◆ **Exercise goal**:
Return the lines beginning at the one that contains "Екатерина Звонцова —" and running to the end of the records, exactly and with nothing else. Omit pictures.

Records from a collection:
******

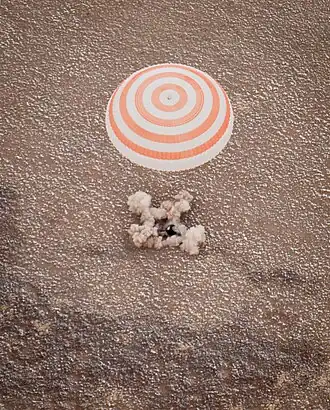 At an altitude of about 10 kilometers, onboard computers started a commanded sequence to unfurl the parachutes. Two "pilot" parachutes deployed first, extracting a 24-square-meter drogue parachute. The parachute deployment reduced the velocity of the Soyuz capsule from 230 m/s to 80 m/s and assisted in the capsule's stability by creating a gentle spin for the Soyuz spacecraft.[22] Once the drogue chute was released, the main parachutes were deployed. They further reduced the descent to 7.2 m/s. Initially, the Descent Module hung underneath the main parachute at a 30° angle with respect to the horizon and for the few minutes before the landing, then following the detachment of the bottom-most harness it hung vertically. At this time, flight controllers reported the Soyuz spacecraft was operating as expected on the automatic sequence. During the same time, they were successful in contacting the crew via the fixed-wing aircraft that served as the central command for the search and recovery forces. The recovery forces spotted the Soyuz TMA-19 around 04:36 UTC. At an altitude of five kilometers, the module's heat shield was jettisoned.
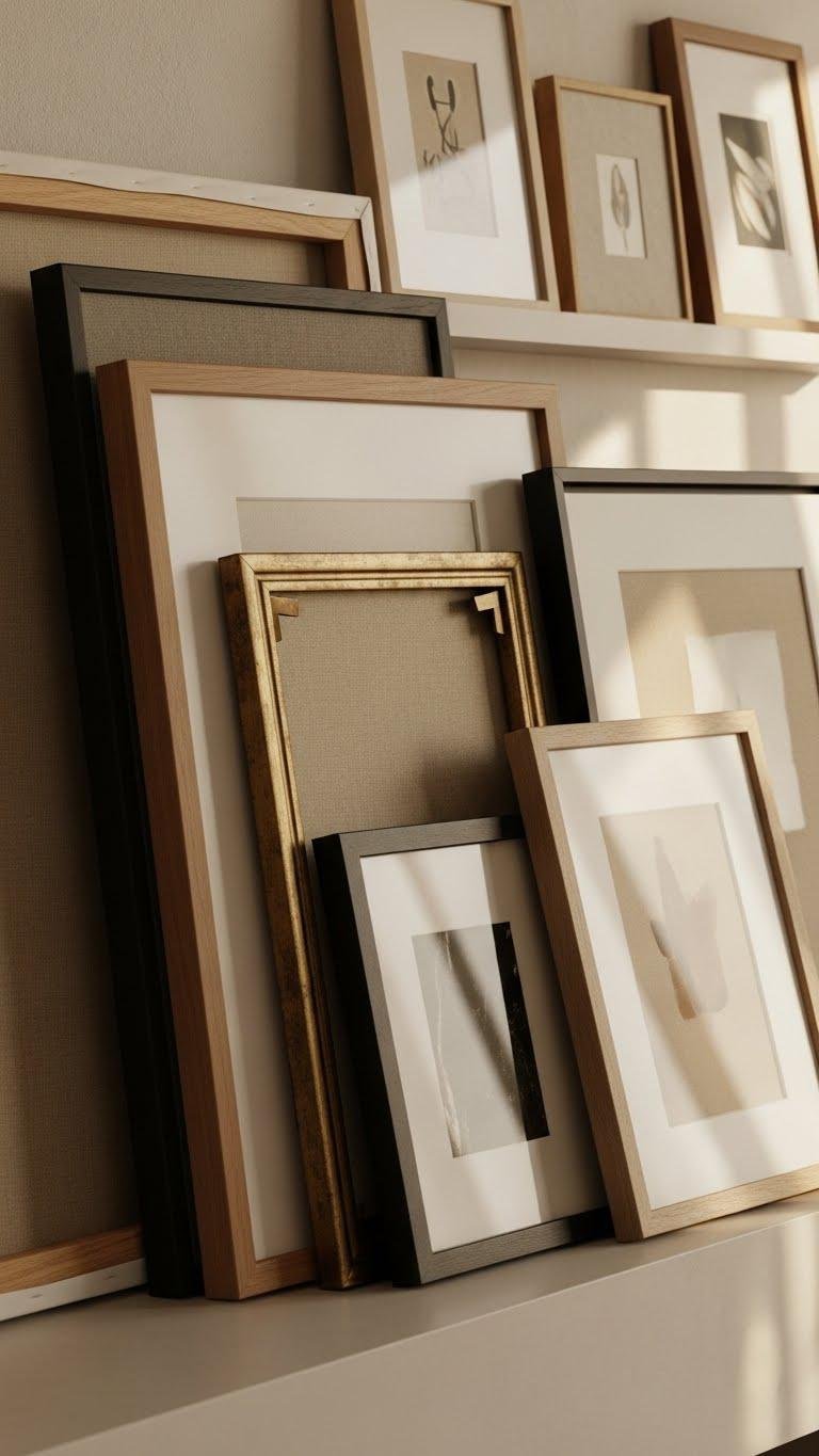 Lean framed art against the wall to create depth and casual polish on your mantel—overlap a few pieces of varying sizes and frames so each layer reads like a deliberate pause. You’ll use gallery ledges to anchor neutral mats and textured frames, arranging overlapping canvases for contrast. Keep compositions relaxed but intentional so your mantel feels liberated, curated, and effortlessly yours.
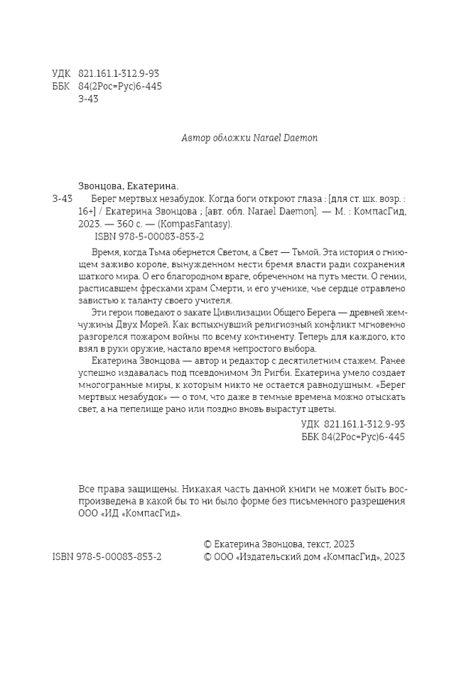 Екатерина Звонцова — автор и редактор с десятилетним стажем. Ранее успешно издавалась под псевдонимом Эл Ригби. Екатерина умело создает многогранные миры, к которым никто не остается равнодушным. «Берег мертвых незабудок» — о том, что даже в темные времена можно отыскать свет, а на пепелище рано или поздно вновь вырастут цветы.
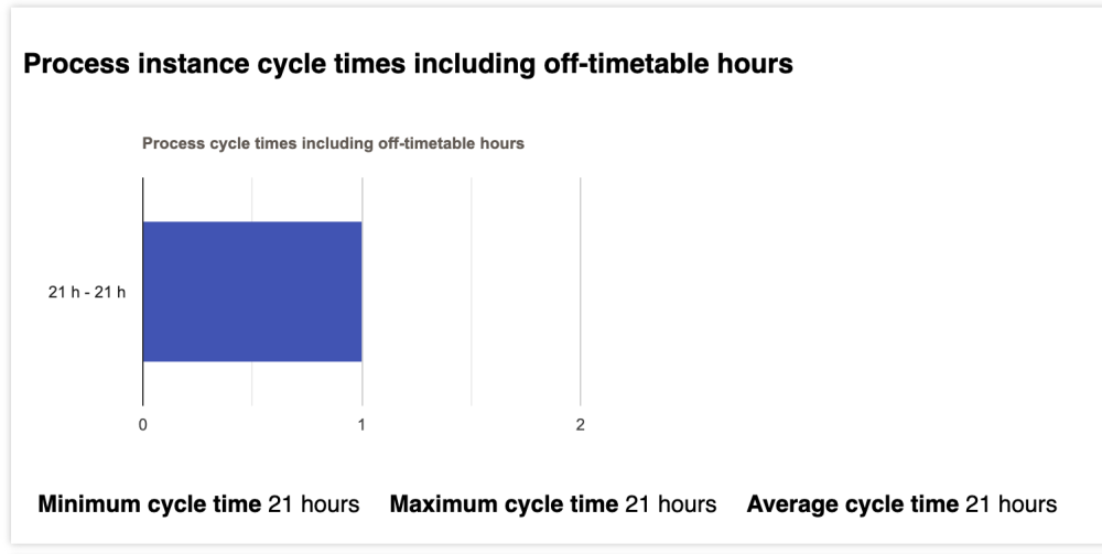 - Les temps de cycle dans les horaires ne comptent que le temps de travail des ressources. Ils omettent les week-ends, par exemple. Dans les résultats du simulateur, recherchez “Temps de cycle d’instance de processus, y compris les heures hors horaire”
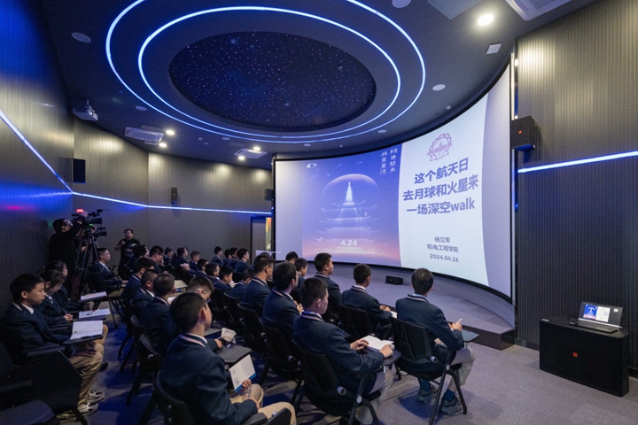 学生在哈尔滨工业大学航天馆内听中国航天日主题讲座(2024年4月24日摄)。新华社记者 谢剑飞 摄

******

◆ **Answer section**:
 Екатерина Звонцова — автор и редактор с десятилетним стажем. Ранее успешно издавалась под псевдонимом Эл Ригби. Екатерина умело создает многогранные миры, к которым никто не остается равнодушным. «Берег мертвых незабудок» — о том, что даже в темные времена можно отыскать свет, а на пепелище рано или поздно вновь вырастут цветы.
 - Les temps de cycle dans les horaires ne comptent que le temps de travail des ressources. Ils omettent les week-ends, par exemple. Dans les résultats du simulateur, recherchez “Temps de cycle d’instance de processus, y compris les heures hors horaire”
 学生在哈尔滨工业大学航天馆内听中国航天日主题讲座(2024年4月24日摄)。新华社记者 谢剑飞 摄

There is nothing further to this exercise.